# Cleaning Data for Analysis

## 1. Converting data types
In this exercise, we'll see how ensuring all categorical variables in a DataFrame are of type category reduces memory usage.

The `tips` dataset has been loaded into a DataFrame called `tips`. This data contains information about how much a customer tipped, whether the customer was male or female, a smoker or not, etc.

You'll note that two columns that should be categorical - `sex` and `smoker` - are instead of type object, which is pandas' way of storing arbitrary strings. 
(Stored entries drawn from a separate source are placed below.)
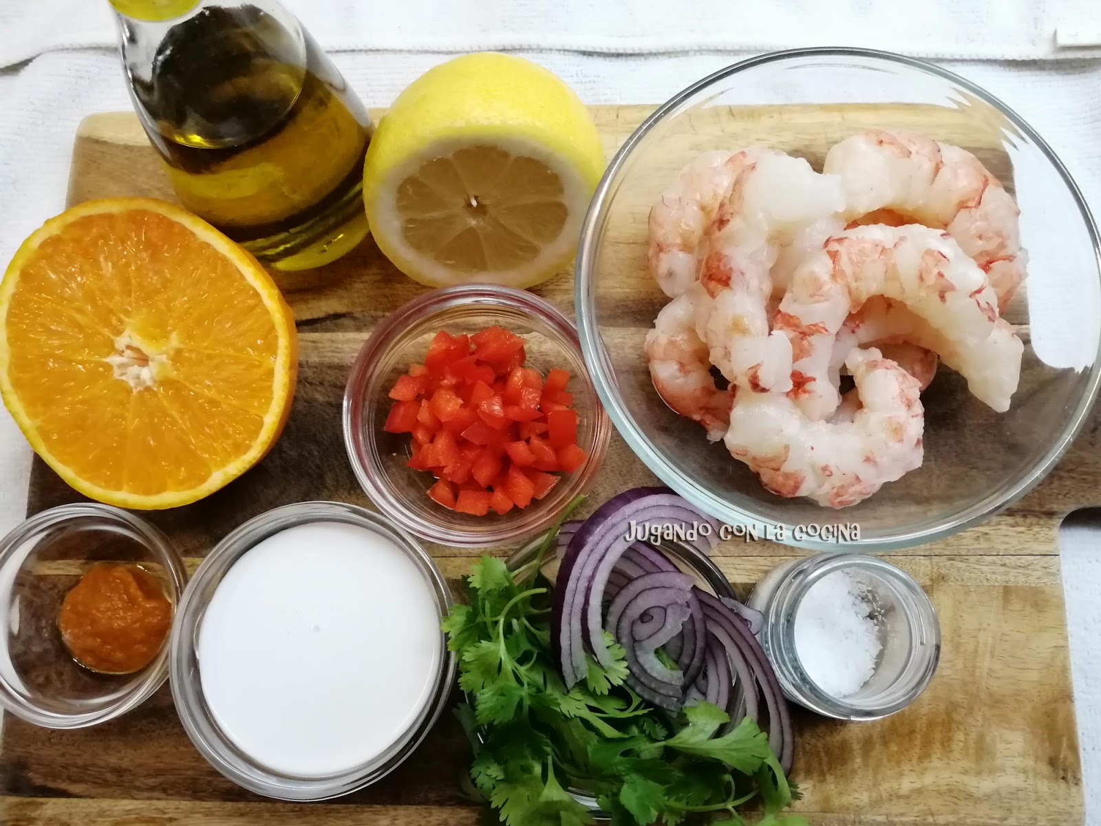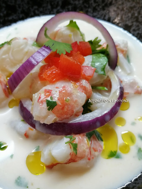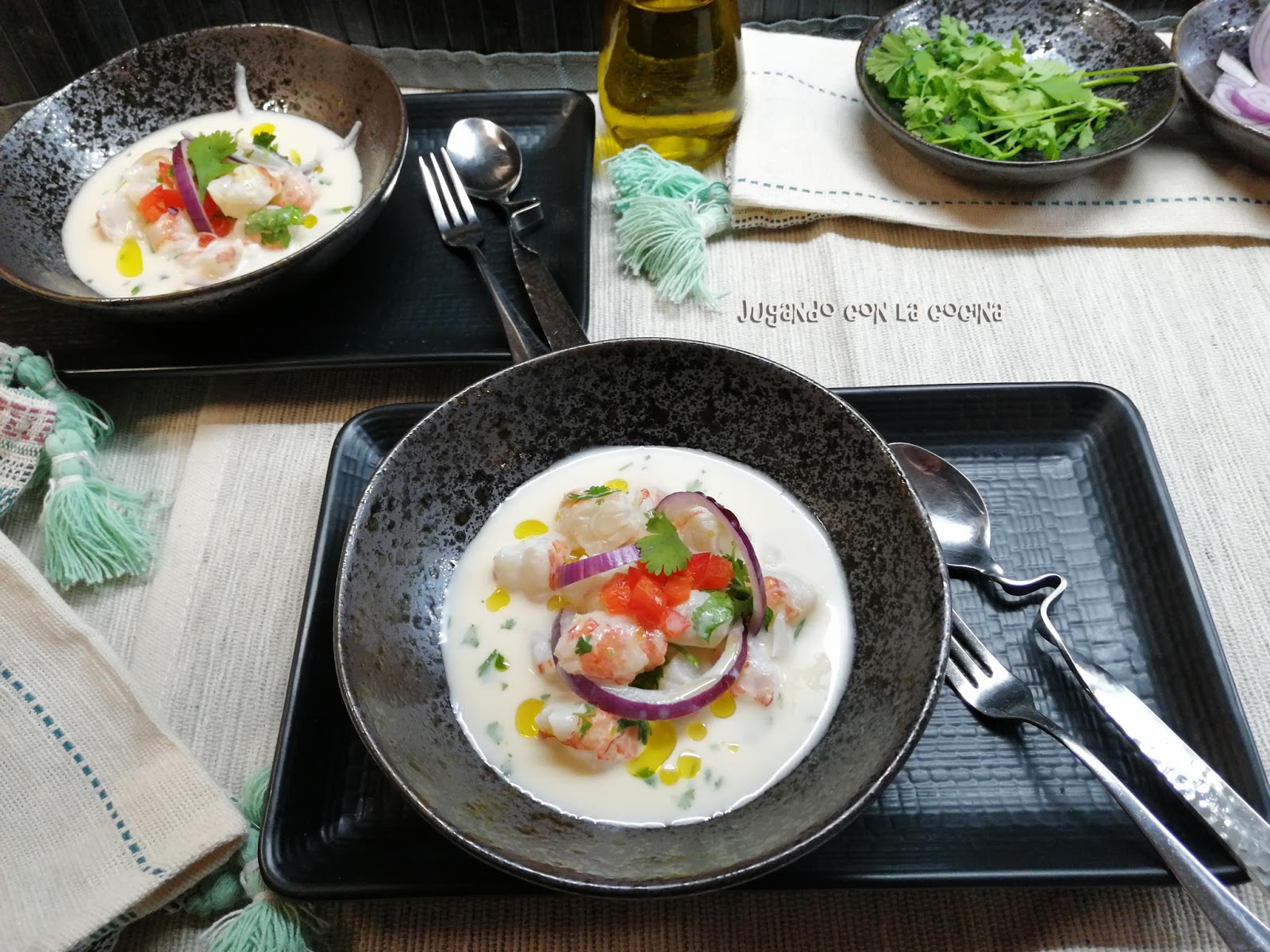 Este ceviche de gambas que os propongo hoy es una receta casera, inspirada en una tapa que tomé hace poco en una terraza de Barcelona. Lleva mi toque personal de naranja porque en los marinados creo que suaviza la acidez y además leche de coco que añadida a la de tigre hacen que la salsa sea distinta y deliciosa.
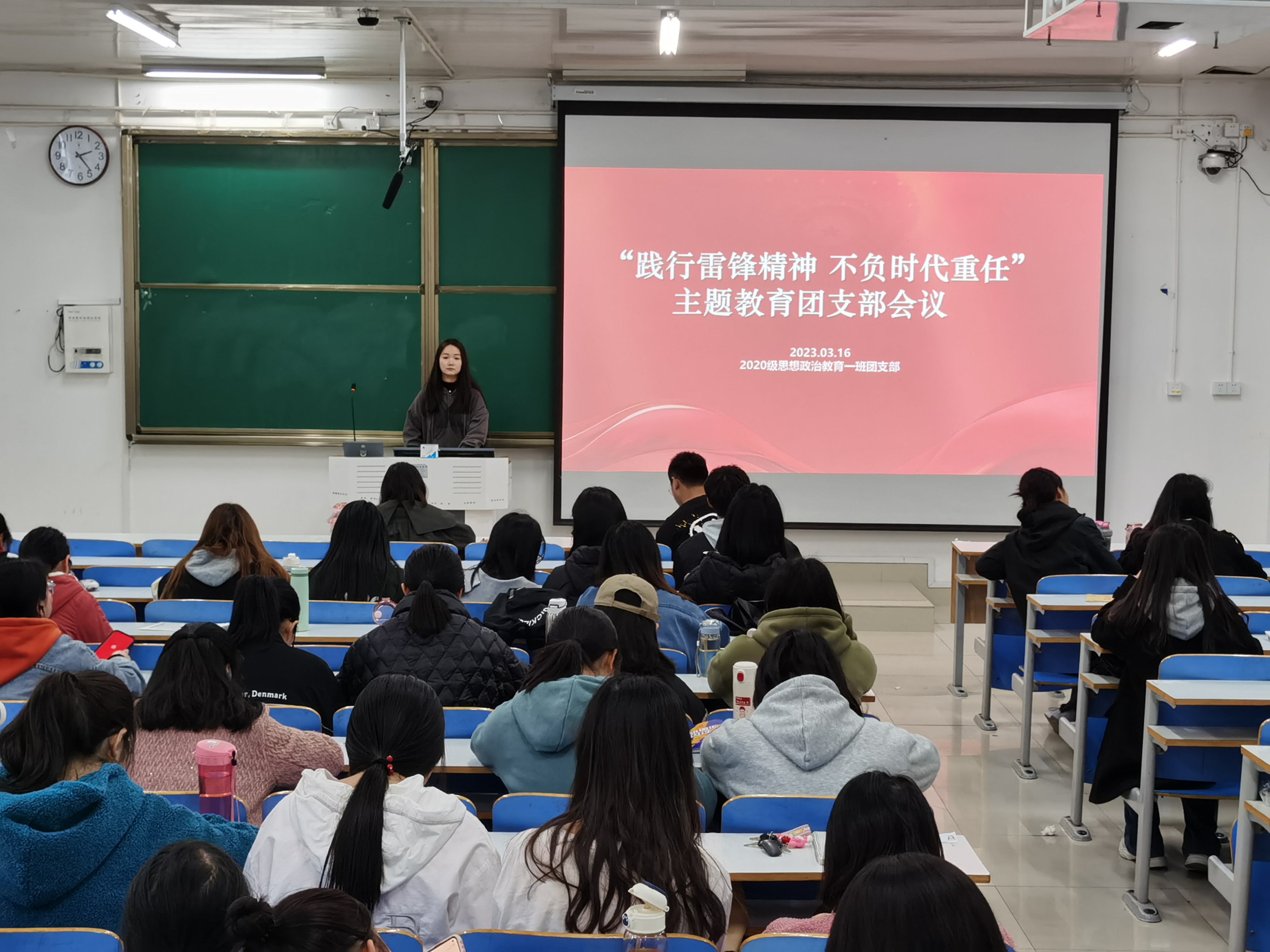 为贯彻落实习近平总书记关于学习雷锋精神和开展志愿服务工作的重要指示精神,加强团支部同学的思想品德教育,3月16日下午,德赢AC米兰官网2020思想政治教育一班在社科楼514教室开展“践行雷锋精神,不负时代重任“主题团课。2020级思想政治教育一班全体团员参加此次团课。团课由团支部书记卢茜雨主持。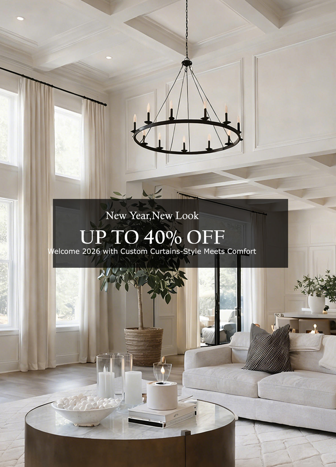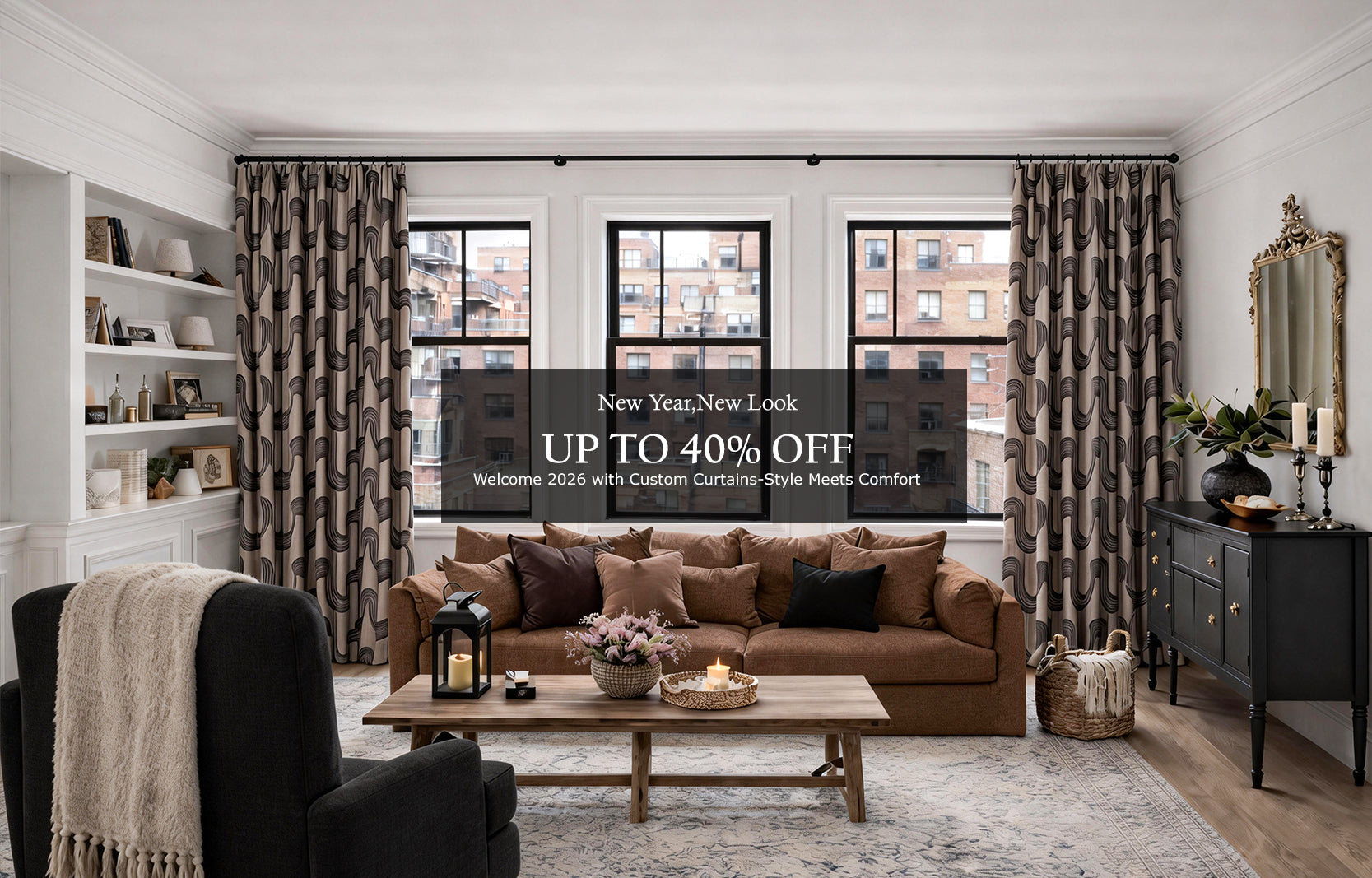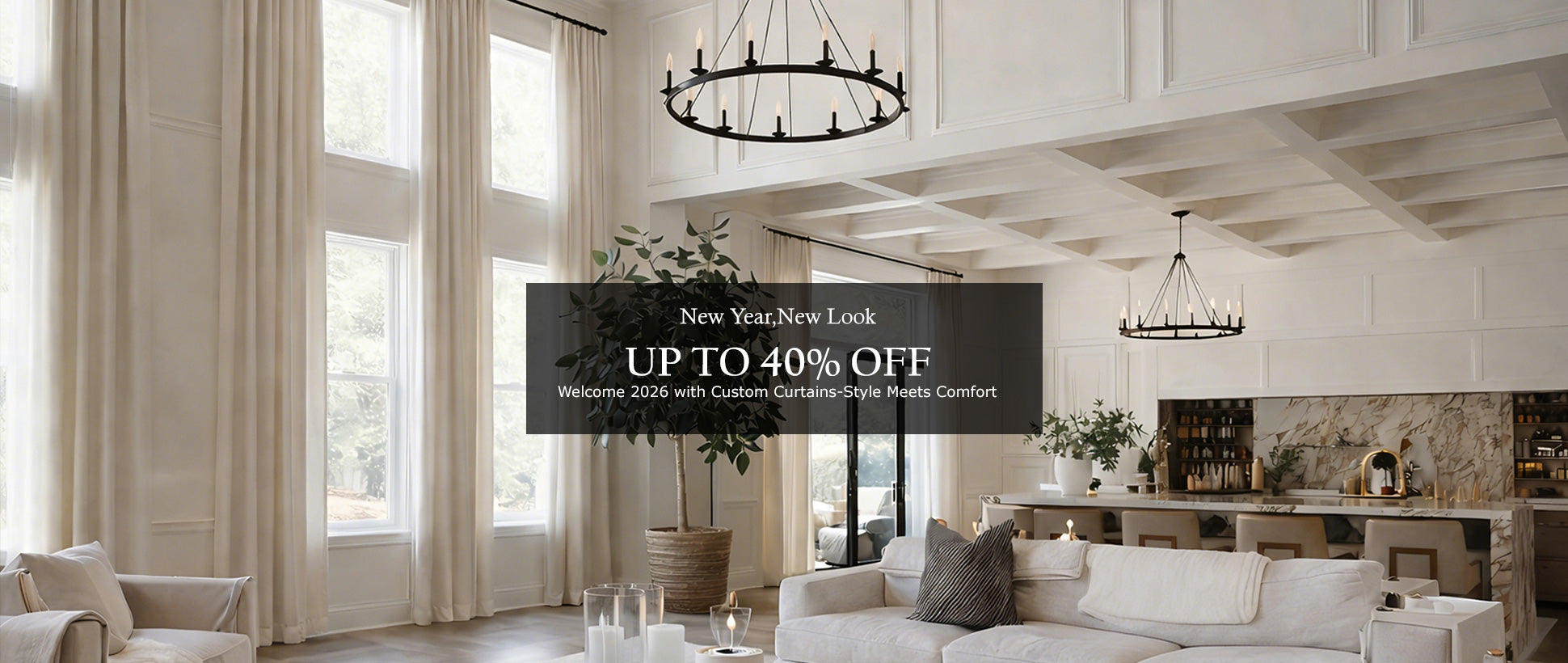 Bare windows = harsh light, faded furniture, a room that feels unfinished.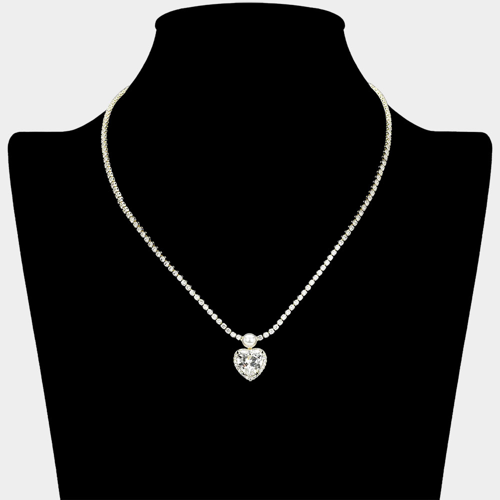 Details • Necklace Size : 16" + 3" L • Decor Size : 0.5" X 0.75" • This elegant heart drop necklace features a sleek, balanced design with a refined center accent that adds subtle sparkle to any look. Ideal for formal occasions, romantic styling, bridal wear, or boutique jewelry collections, it offers timeless appeal with versatile, polished elegance. • Brass • CZ Cubic Zirconia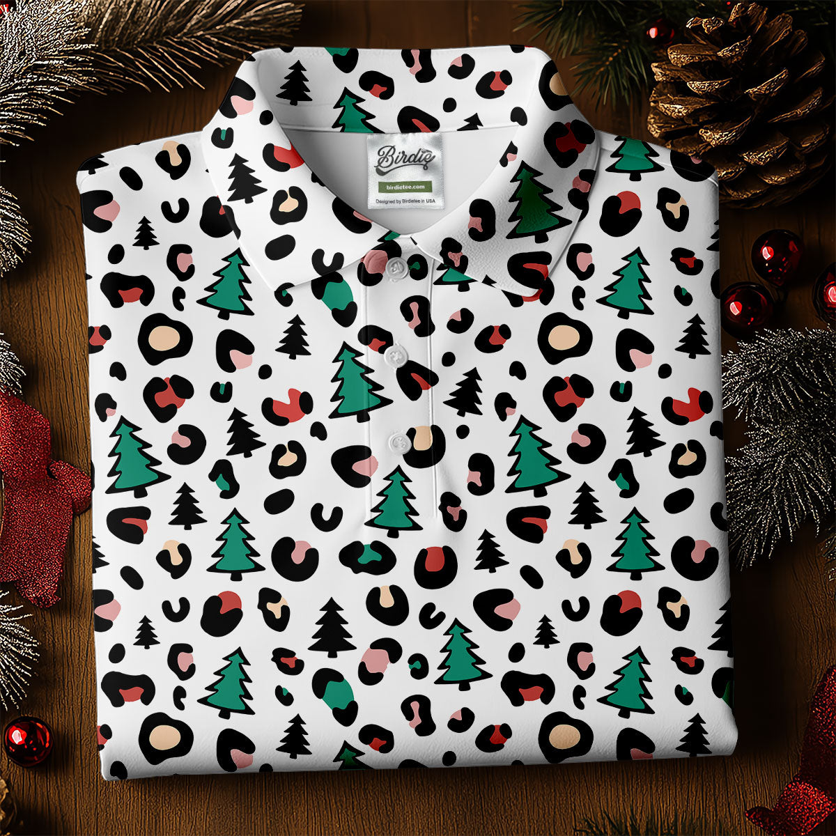 Leopard Pattern Xmas Pine Tree Golf Tops For Men, Christmas Golf Shirt, Cute Golf Outfit, Polo Shirts For Men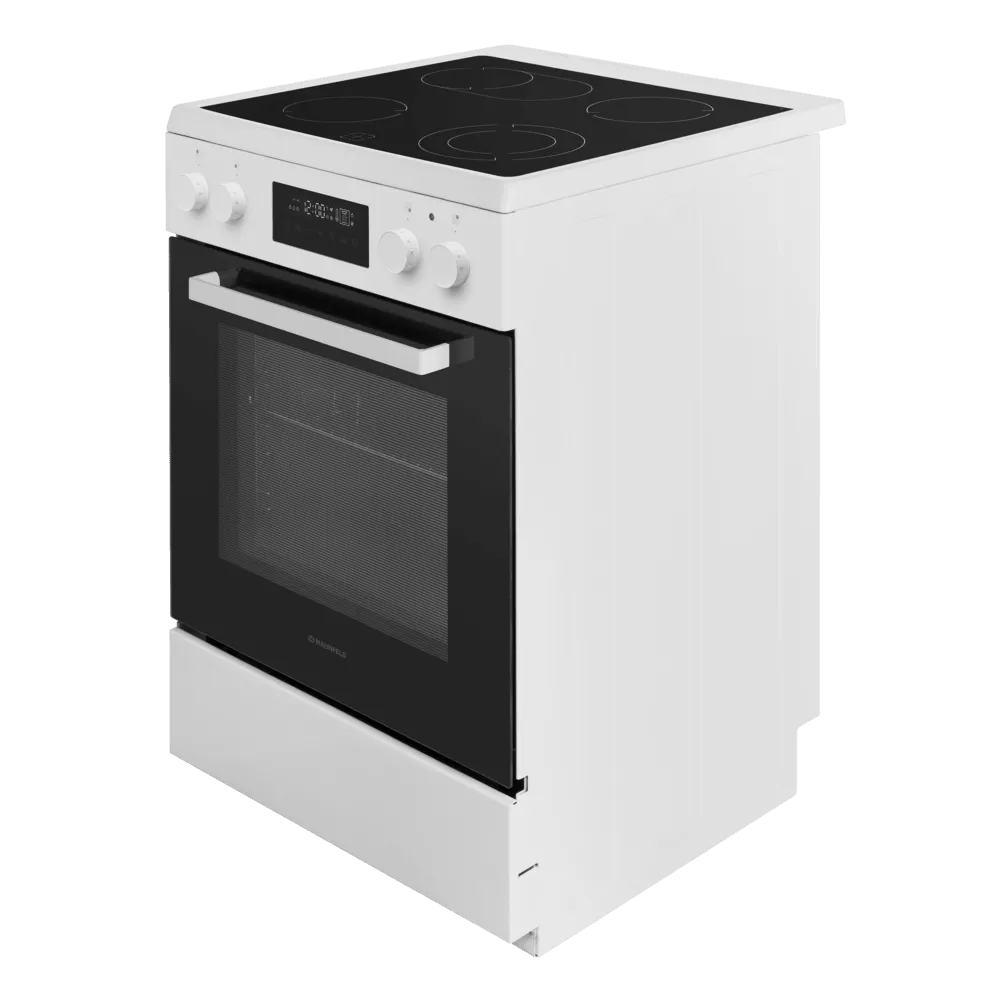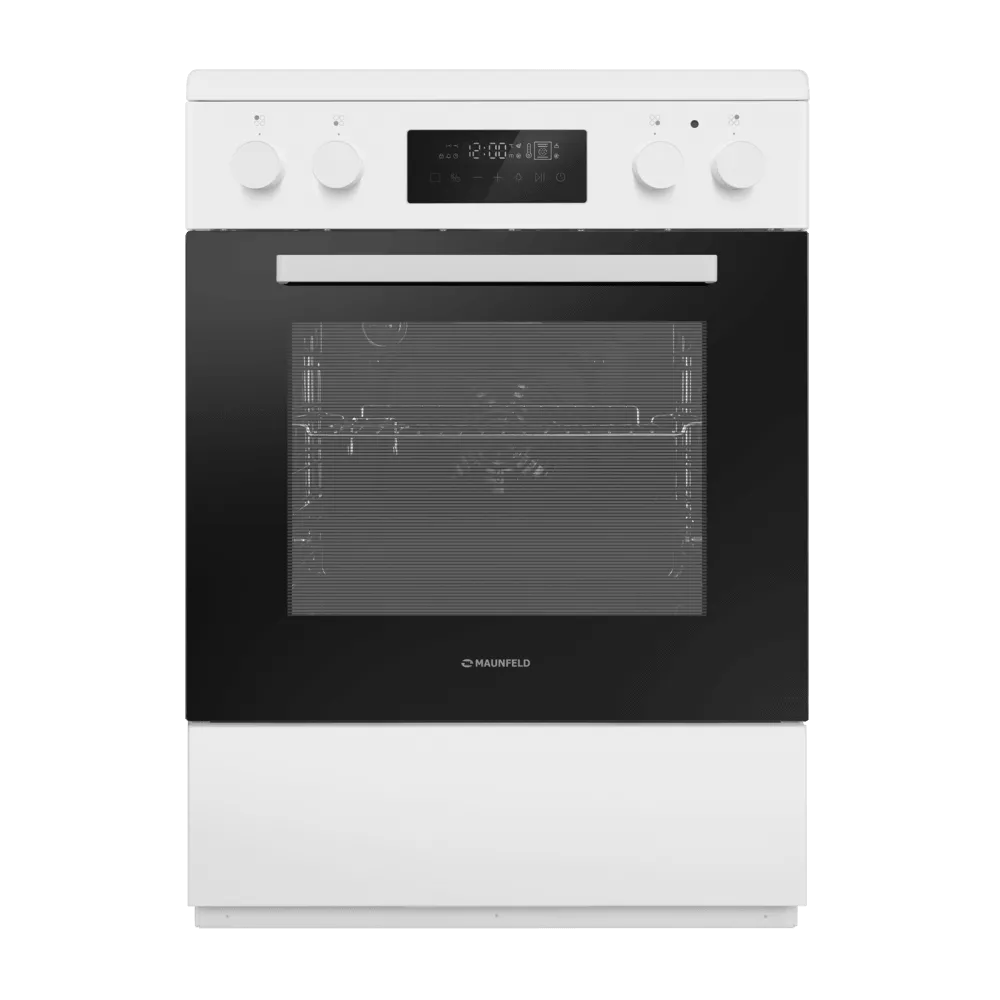 Электрическая стеклокерамическая плита MAUNFELD MEC611CW09TD — практичное решение для тех, кто хочет получить полноценную духовку и удобную стеклокерамическую поверхность в едином корпусе. Модель сочетает лаконичный белый дизайн и продуманную эргономику: понятные переключатели, дисплей и электронный таймер помогают легко контролировать процесс готовки.

Convert these two columns to type `category` and note the reduced memory usage.

In [1]:
import pandas as pd

In [2]:
tips = pd.read_csv("datasets/tips.csv")
tips.head()

Unnamed: 0,total_bill,tip,sex,smoker,day,time,size
0,16.99,1.01,Female,No,Sun,Dinner,2
1,10.34,1.66,Male,No,Sun,Dinner,3
2,21.01,3.5,Male,No,Sun,Dinner,3
3,23.68,3.31,Male,No,Sun,Dinner,2
4,24.59,3.61,Female,No,Sun,Dinner,4


In [3]:
tips.info()

<class 'pandas.core.frame.DataFrame'>
RangeIndex: 244 entries, 0 to 243
Data columns (total 7 columns):
total_bill    244 non-null float64
tip           244 non-null float64
sex           244 non-null object
smoker        244 non-null object
day           244 non-null object
time          244 non-null object
size          244 non-null int64
dtypes: float64(2), int64(1), object(4)
memory usage: 13.4+ KB


In [4]:
# Convert the sex column to type 'category'
tips.sex = tips.sex.astype("category")

# Convert the smoker column to type 'category'
tips.smoker = tips.smoker.astype("category")

In [5]:
tips.info()

<class 'pandas.core.frame.DataFrame'>
RangeIndex: 244 entries, 0 to 243
Data columns (total 7 columns):
total_bill    244 non-null float64
tip           244 non-null float64
sex           244 non-null category
smoker        244 non-null category
day           244 non-null object
time          244 non-null object
size          244 non-null int64
dtypes: category(2), float64(2), int64(1), object(2)
memory usage: 10.3+ KB


By converting sex and smoker to categorical variables, the memory usage of the DataFrame went down from 13.4 KB to 10.1KB. This may seem like a small difference here, but when dealing with large datasets, the reduction in memory usage can be very significant!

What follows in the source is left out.